Key to 79: You’ll know that 79 is the correct modifier if the second procedure is for an unrelated condition during the global period of the first surgery. In other words, if the same surgeon must perform a separate, unrelated procedure for an unexpected medical condition during theglobal period of a previous procedure, you should append modifier 79 to the subsequent procedural code(s).
Tip: “If the second procedure takes place on a different body part, 79 is usually the correct modifier,” says Joseph A. Lamm, office manager for Stark County Surgeons in Massillon, Ohio.
Another clue that you should use 79 is if the surgeon links a second procedure to a totally different diagnosis and does not mention a “complication” or that the second procedure is staged or related to the first, according to Lamm.
Example: The patient is in the global period for a partial mastectomy (19301, Mastectomy, partial [e.g.,lumpectomy, tylectomy, quadrantectomy, segmentectomy]). During that time, the patient has an appendectomy (such as 44970, Laparoscopy, surgical, appendectomy) because of acute appendicitis. You should append modifier 79 tothe appendectomy code.
Scrutinize Your 79 Claims — Before Your Contractor Does
Thanks to abusive practices of some providers who used modifier 79 to bypass surgical bundling rules, the Office of Inspector General (OIG) “has asked all contractors to look at codes with modifier 79,” Pisani says.
Loophole: Although CMS established pre-payment edits to detect when providers unbundle services from the global surgical package, services billed with modifier 79 were excluded from those pre-payment edits. That’s why CMS has instructed contractors to “strengthen program safeguards” against fraudulent 79 claims.
“Be aware if you’re using modifier 79 that you’re using it appropriately, and your records reflect the documentation,” Pisani notes.

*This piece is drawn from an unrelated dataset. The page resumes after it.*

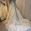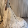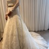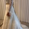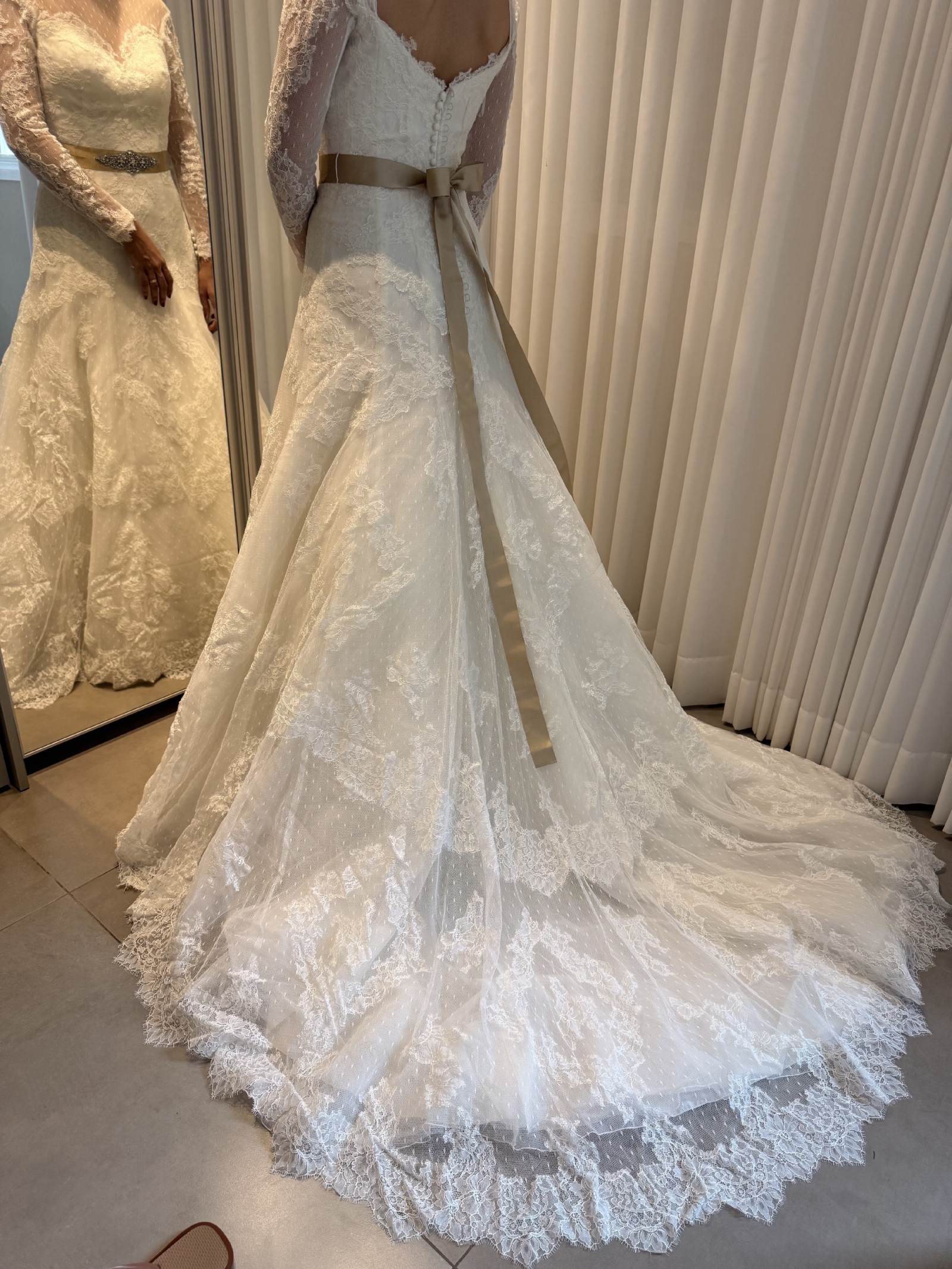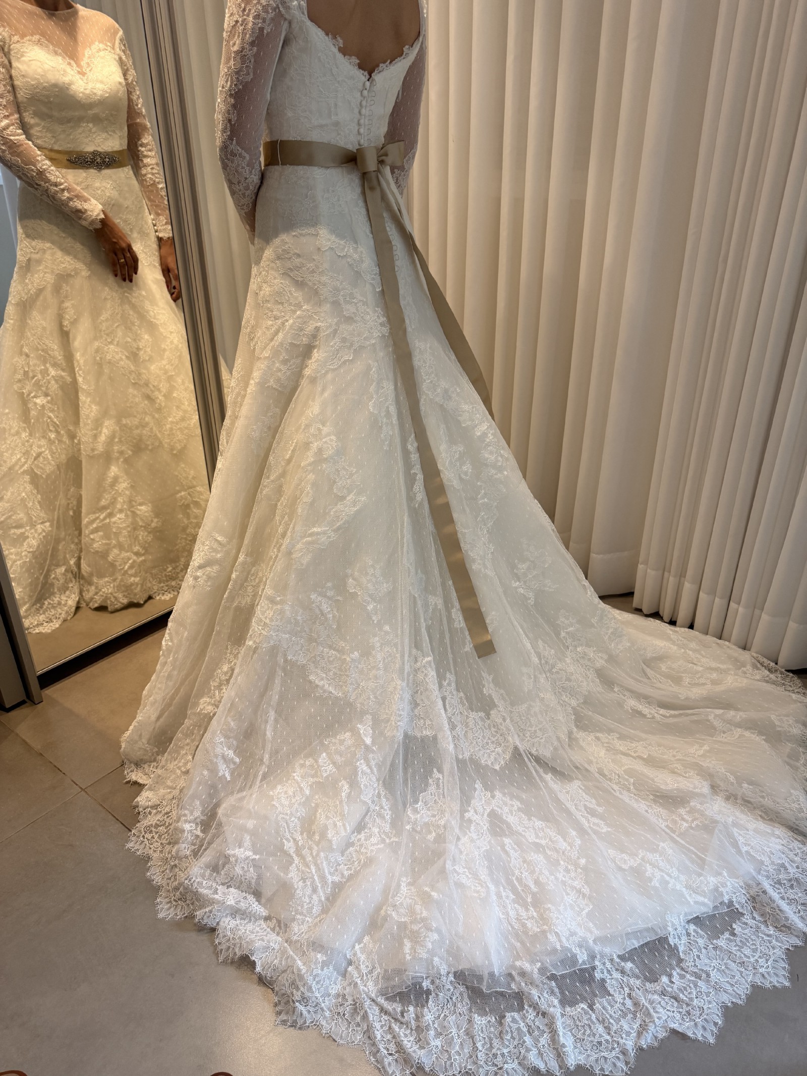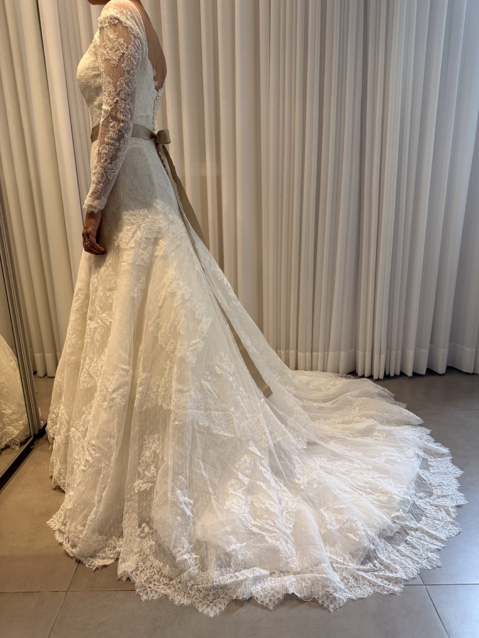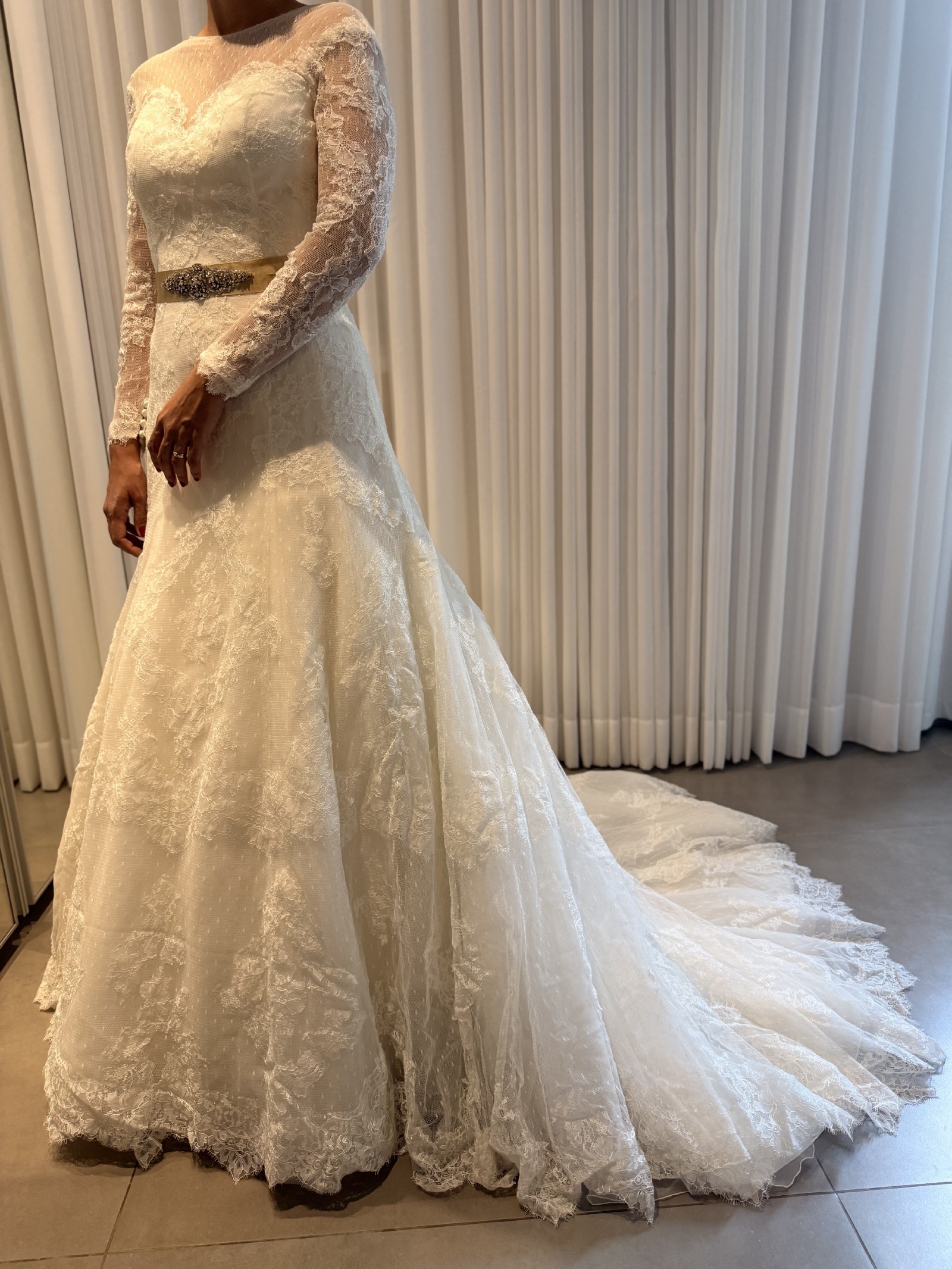 O corte valoriza a silhueta em um estilo sereia com cauda média e mangas longas em tule ilusion com renda francesa, transmitindo romantismo e sofisticação.

Resource: To read the CMS instruction on modifier 79 scrutiny, go here.
Distinguish Other Global Period Modifiers: Unrelated conditions aren’t the only reason your surgeon might perform a separate procedure during a global surgical period. If the second procedure is not unrelated to the initial surgery, you’ll have to turn to modifiers other than 79.
• Identify planned or staged: Call on modifier 58 (Staged or related procedure or service by the same physician during the postoperative period) when the surgeon performs a secondary surgery during the post-op period of another surgery and the subsequent procedure was planned or staged, Pisani notes.

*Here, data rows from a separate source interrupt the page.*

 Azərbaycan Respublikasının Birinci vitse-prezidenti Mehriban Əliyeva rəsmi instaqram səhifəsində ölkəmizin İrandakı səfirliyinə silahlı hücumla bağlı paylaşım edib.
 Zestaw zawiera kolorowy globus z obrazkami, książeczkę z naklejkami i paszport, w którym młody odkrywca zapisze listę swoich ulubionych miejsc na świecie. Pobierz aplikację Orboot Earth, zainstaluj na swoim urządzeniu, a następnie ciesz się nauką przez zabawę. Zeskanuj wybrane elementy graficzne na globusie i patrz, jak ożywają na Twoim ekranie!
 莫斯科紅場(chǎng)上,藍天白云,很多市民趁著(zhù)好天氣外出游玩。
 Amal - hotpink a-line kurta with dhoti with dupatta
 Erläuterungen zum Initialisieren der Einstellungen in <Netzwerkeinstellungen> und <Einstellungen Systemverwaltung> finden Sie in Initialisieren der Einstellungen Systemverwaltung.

• Distinguish related but not planned: Modifier 78 (Unplanned return to the operating room by the same physician following initial procedure for a related procedure during the postop period) applies to the service when the physician has to unexpectedly return the patientto the operating room (OR) for a related procedure during the postoperative period, Pisani says.
Remember OR restriction: Medicare will only pay for treating a complication during the surgical global period if treatment requires a return to the operating room. Modifiers 58 and 78 do not apply if the Medicare beneficiary does not return to the OR.